Oil patch executives are eating their own cooking, significantly stepping up purchases of their own companies’ shares in the wake of a steep decline in the price of energy stocks.
In the year to date, management and directors at Canadian oil and gas companies have spent more than $18-million to snap up shares, according to a report by energy analysts at RBC Dominion Securities Inc. Roughly 60 per cent of the purchases have occurred since early March, when energy stocks went into a sharp decline driven by a price war between Saudi Arabia and Russia. The fall only worsened with a drop in global oil demand as the coronavirus pandemic forced many countries to shut down businesses.

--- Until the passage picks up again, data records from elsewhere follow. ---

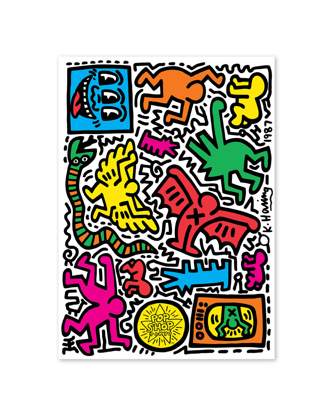 In 1987, Haring made a giant sticker sheet for his Pop Shop Tokyo. This premium vinyl sticker sheet is inspired by this classic. Silkscreened with love, including 14 iconic Haring characters and a commemorative back print.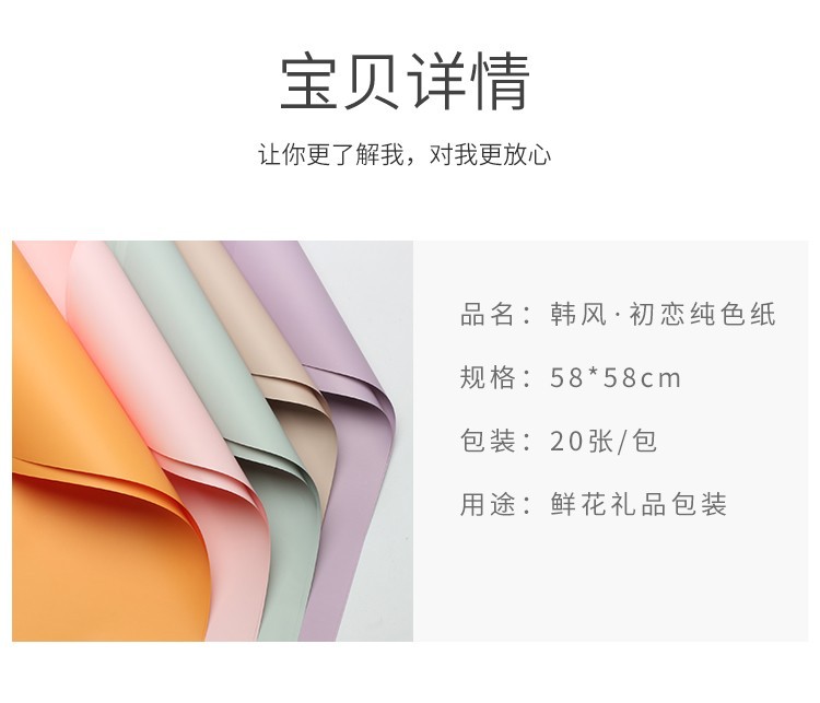 欧雅纸系列 韩风初恋纯色纸 鲜花包装纸花束花店花艺礼品包花纸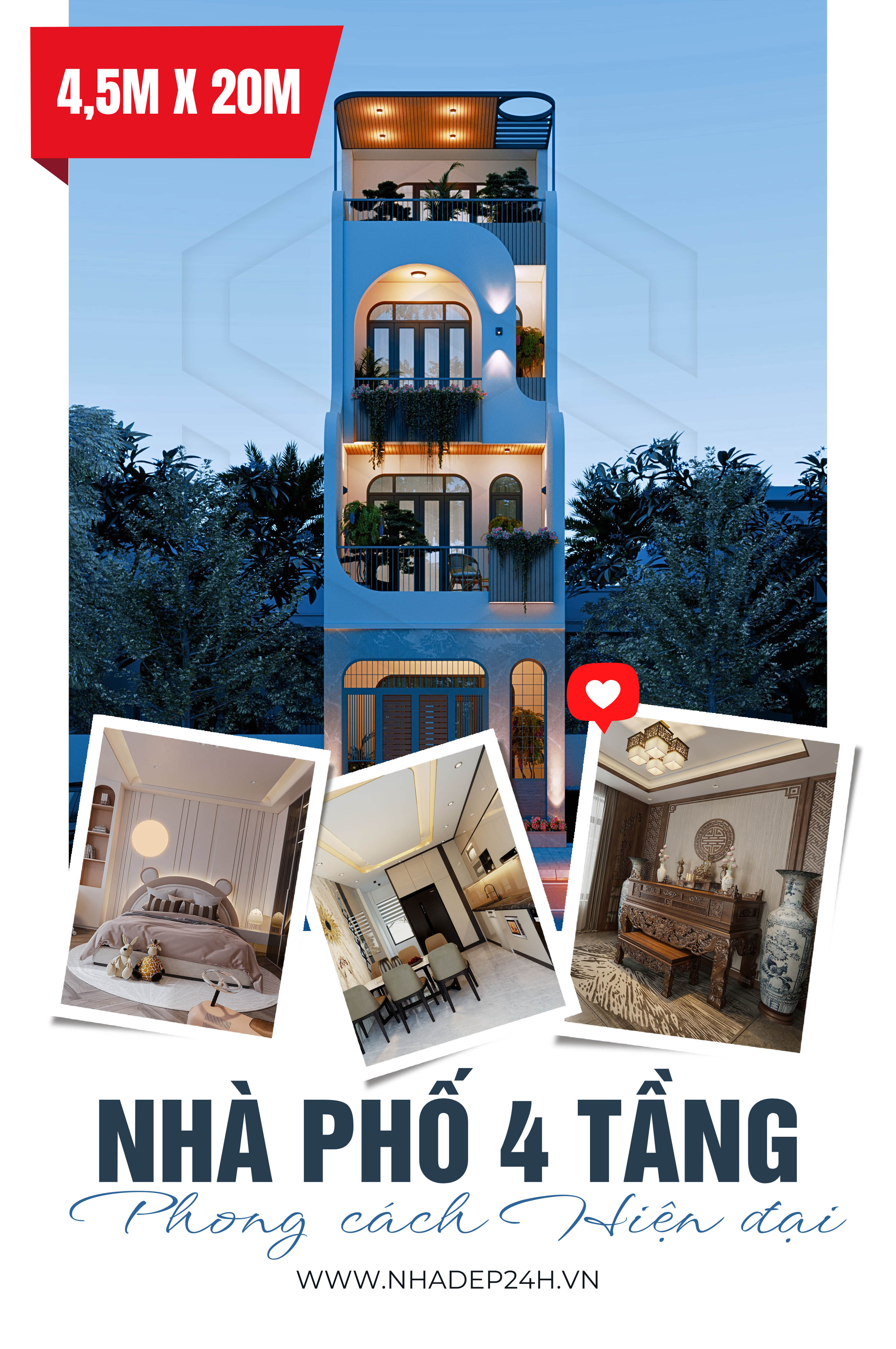 Thiết kế nhà phố 3 tầng hiện đại 4.5x20m tại Quảng Ninh – Không gian sống xanh, tối ưu và chi tiết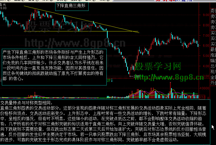 3、下降三角形若相反向上突破,则必须以大成交量来来验证:而向下突破后,股价应有一回升,若回升受阻于底线之下则形态意义成立,否则图形失败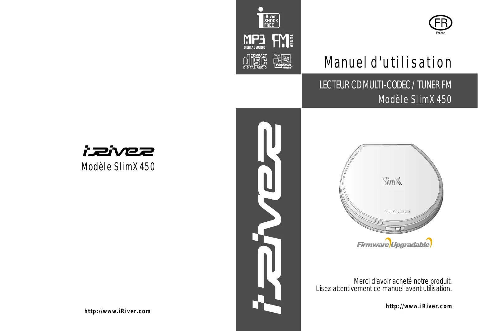 Modèle SlimX 450 IVe Modèle SlimX 450 Firmware)Upgradable) . . Merci d'avoir acheté notre produit. Lisez attentivement ce manuel avant utilisation. . http://wWww.iRiver.com http://Www.iRiver.com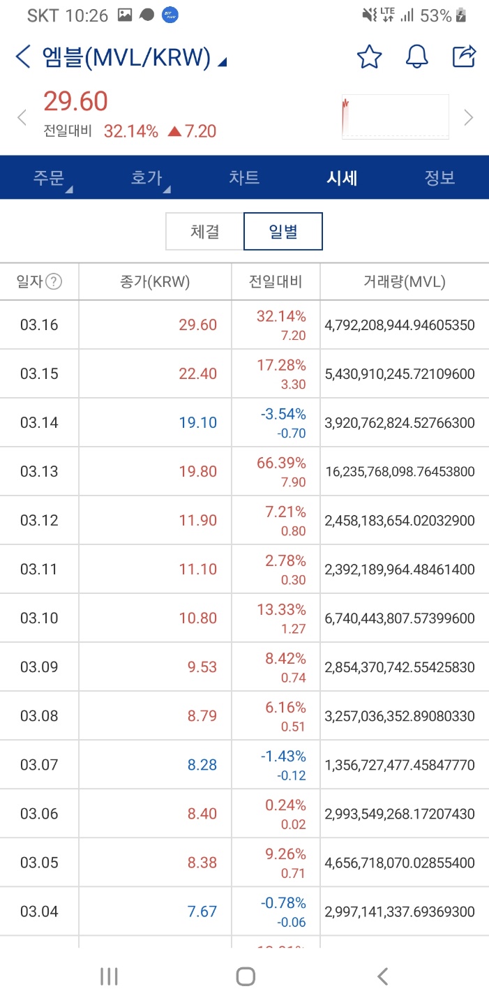 어제는 오브스 오늘은 엠블이 펌핑되서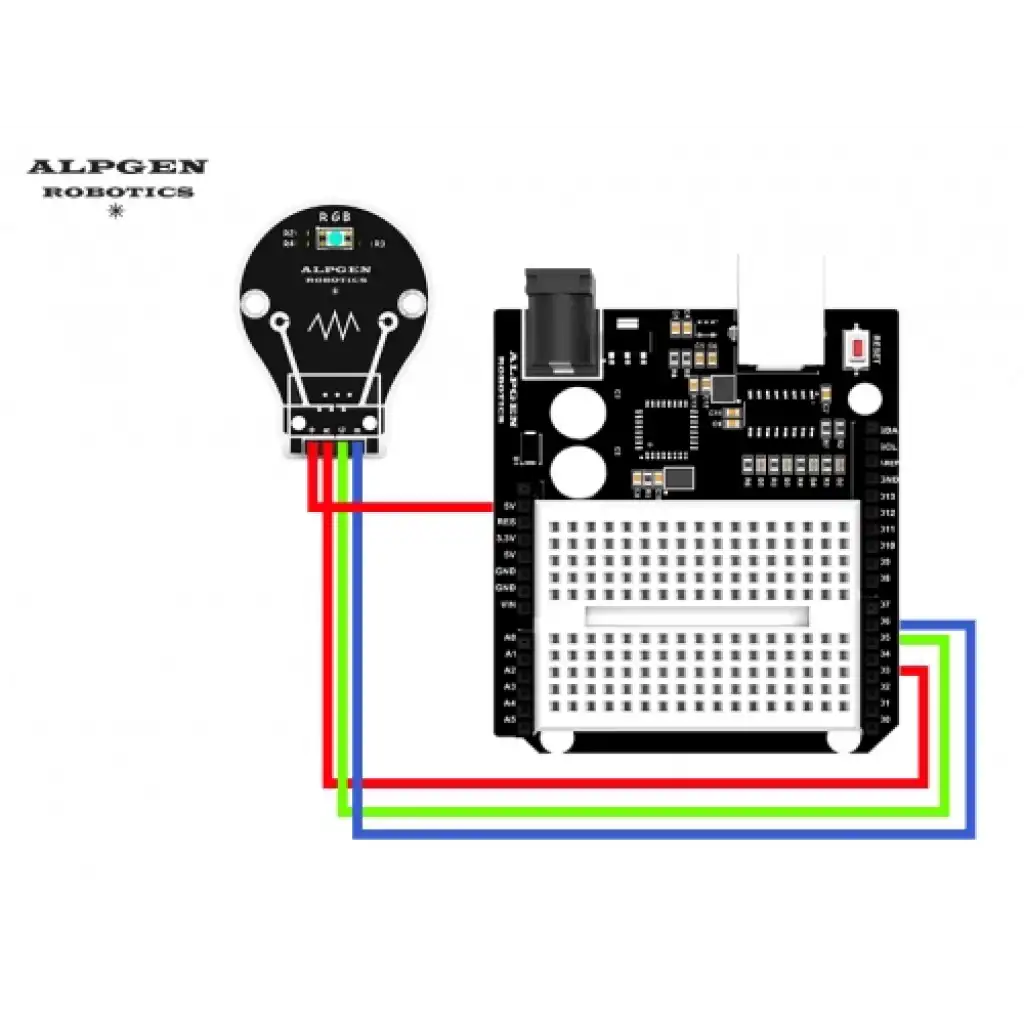 elde edilmesini sağlar. Modül üzerinde 3 renkli 5mm RGB LED bulunmaktadır. Ayrıca her rengin renk kodu bulunmaktadır, istenilen rengin renk kodunu kullanarak da LEDin istenilen renkte yanması sağlanabilir. RGB LED modülü, PWM pinleri ile kullanılır.

In many cases, insiders who sat on their hands earlier this year are now dipping into their own savings – or borrowing money – to buy stocks that declined by 60 per cent or more over the past month. Insiders were particularly busy at four companies: Kelt Exploration Ltd., Ovintiv Inc. (formerly known as Encana), Cenovus Energy Inc. and Enerplus Corp. This group accounted for the majority of all insider buying at the 29 oil and gas stocks followed by RBC Dominion’s analysts.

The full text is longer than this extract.